Most likely, then, Scalia is holding that there is, at least in America, a maxim of law to the effect that prefaces or preambles to the enacting part of a clearly expressed law have no bearing on how the enacting part is to be understood.  In the case of the Second Amendment, applying the maxim results in the judicial conclusion that the words “A well-regulated Militia, being necessary to the security of a free state”, should play no part in understanding “the right of citizens to keep and bear arms shall not be infringed”.  And so Scalia and the Court can fully ignore the first clause and understand the Second Amendment solely on the basis of the second clause.  That is exactly what Scalia does in his opinion:  at this point attention is given at length to the second clause.  In what follows in the text, the notion of a militia vanishes.
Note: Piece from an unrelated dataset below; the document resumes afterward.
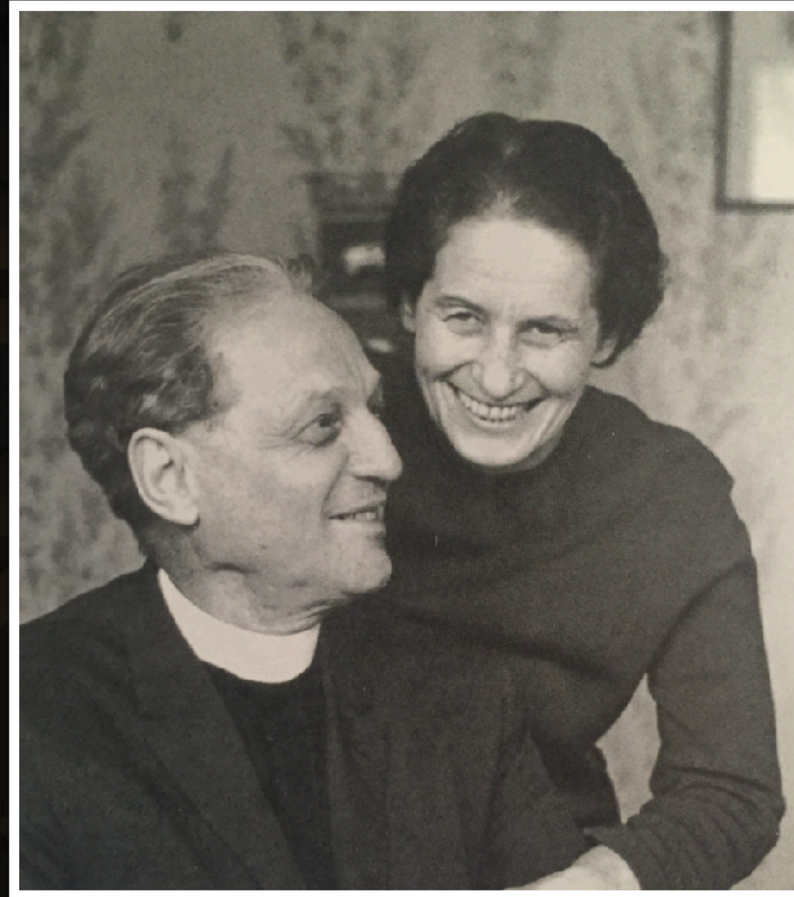
Richard and Sabina Wurmbrand

This final argument is radically different from what preceded it.  For there, the aim was to see how the meaning of the first clause is related to the second.  Now, however, questions of meaning, of logical connections, are not necessary.,

What is to be made of that line of argument?  I have no idea whether there is in American legal practice such a maxim, but it is entirely plausible.  For the maxim would be a reminder to judges that prefaces need have no connection whatsoever to what follows.  I can write a book on cooking mushrooms and, publisher willing, have a preface to that material talking about a turtle I had as a boy.  Prefaces are not constrained and so are not to be taken into account in understanding that to which they are prefaces. There is, certainly, a limit to that:  it is possible, since the rules for prefaces are so underdetermined, that an author can, say at the last minute, insert a clarifying message into a preface and save having to revise the body of the text.  So, a judge, relying upon this maxim, needs to tread carefully in relying on it. 

No, the problem lies not with the putative maxim but with Scalia’s coupling it with a claim that the first clause of the Second is nothing other than a preface and so subject to the reasonableness of the maxim.  Schematized, the argument is:

          Premise 1:  prefaces can be ignored in understanding the body of a text

          Premise 2:  the first clause of the Second is a preface

          Conclusion:  Hence the first clause can be ignored in interpreting the Second.
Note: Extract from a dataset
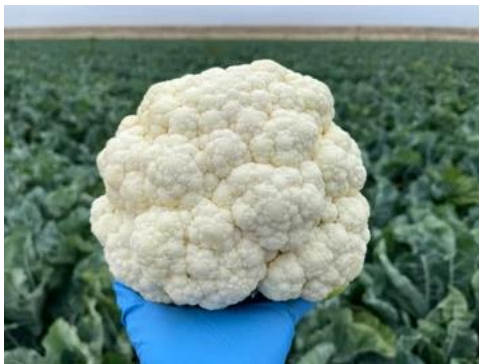
Cauliflower, from Salinas, CA
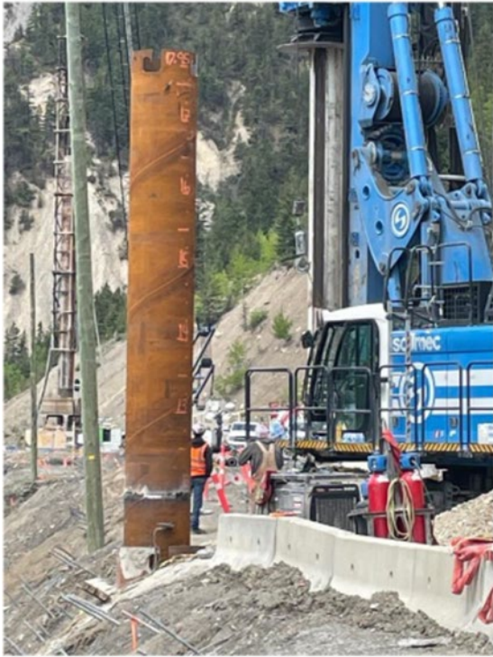
FIGURE 3: CDI SPLICING NEW LENGTH OF PILE AT LYNX EAST; LOOKING WEST - MAY 19, 2021

          It is a case of misdirection to get the reader to think of the first premise, its meaning, acceptability and place in judicial decisions rather than on premise 2.    

As noticed earlier, Scalia makes no attempt to justify his regarding the clause as a preface and makes no attempt to reject the obvious alternative:  the Second could have been written “The right of a citizen to keep and bear arms shall not be infringed because a well-regulated Militia is necessary to the security of a free state”.  There is absolutely no difference in meaning between that and what Madison wrote.  But if so written, it is obvious that there is no preface in the sentence.  The maxim, then, would clearly be beside the argumentative point. 
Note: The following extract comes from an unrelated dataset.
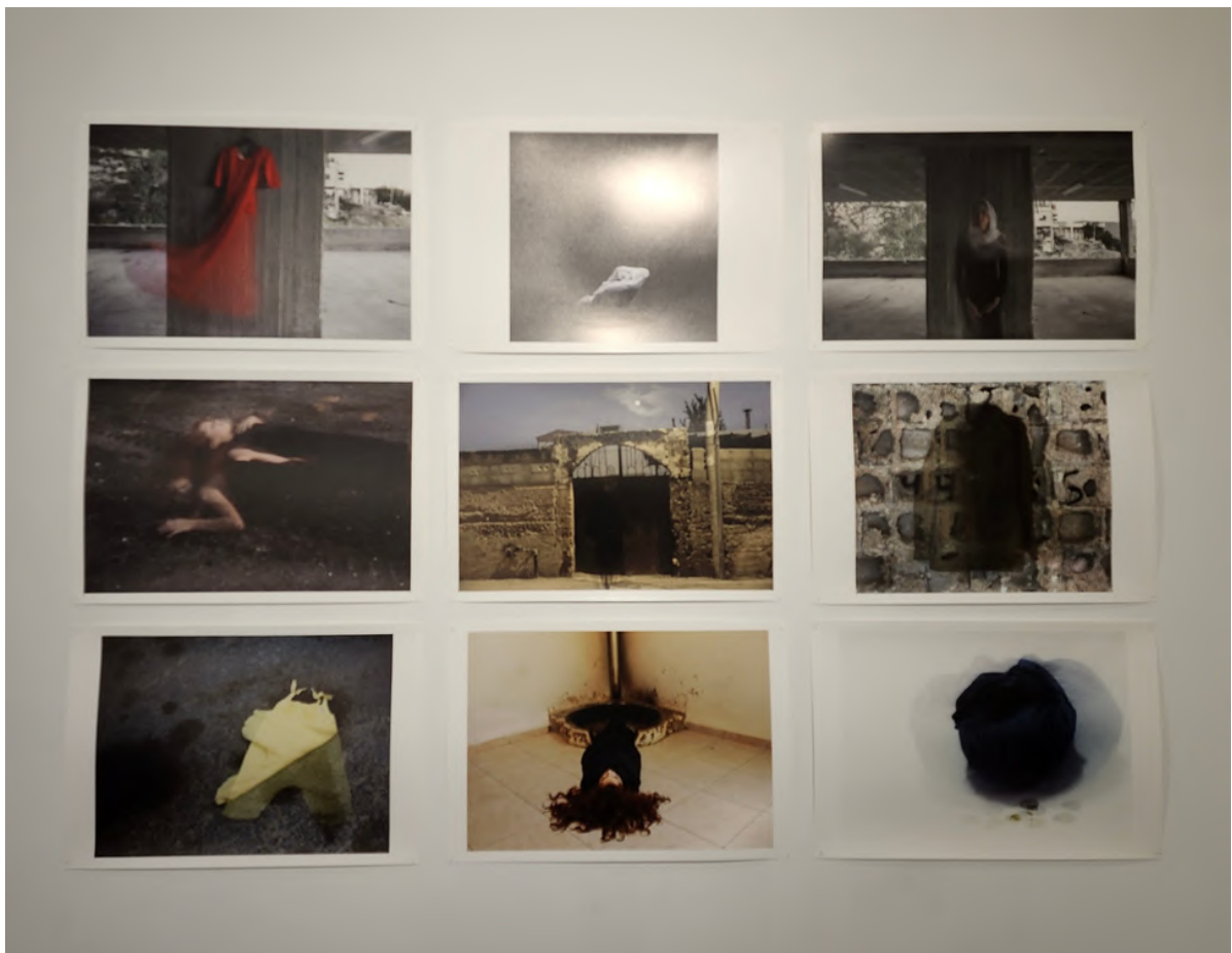
Works from portfolio, 2016-2020

Moreover, as we have already seen, Scalia’s recognition that there is some strong meaningful connection what is said in the two clauses rules out his continuing to talking of one as a preface to the other.  The content of a preface, as the maxim reminds us, lacks such a logical connection to what is then said.  Scalia’s important recognition of that connection entails that he is no longer entitled to talk of a preface here and so his continued doing so renders his most important argument in favor of avoiding talk of militias unuseable.  

 The Second Amendment is about militias – Scalia’s arguments to avoid the first clause and its constituent reference to militias simply do not succeed.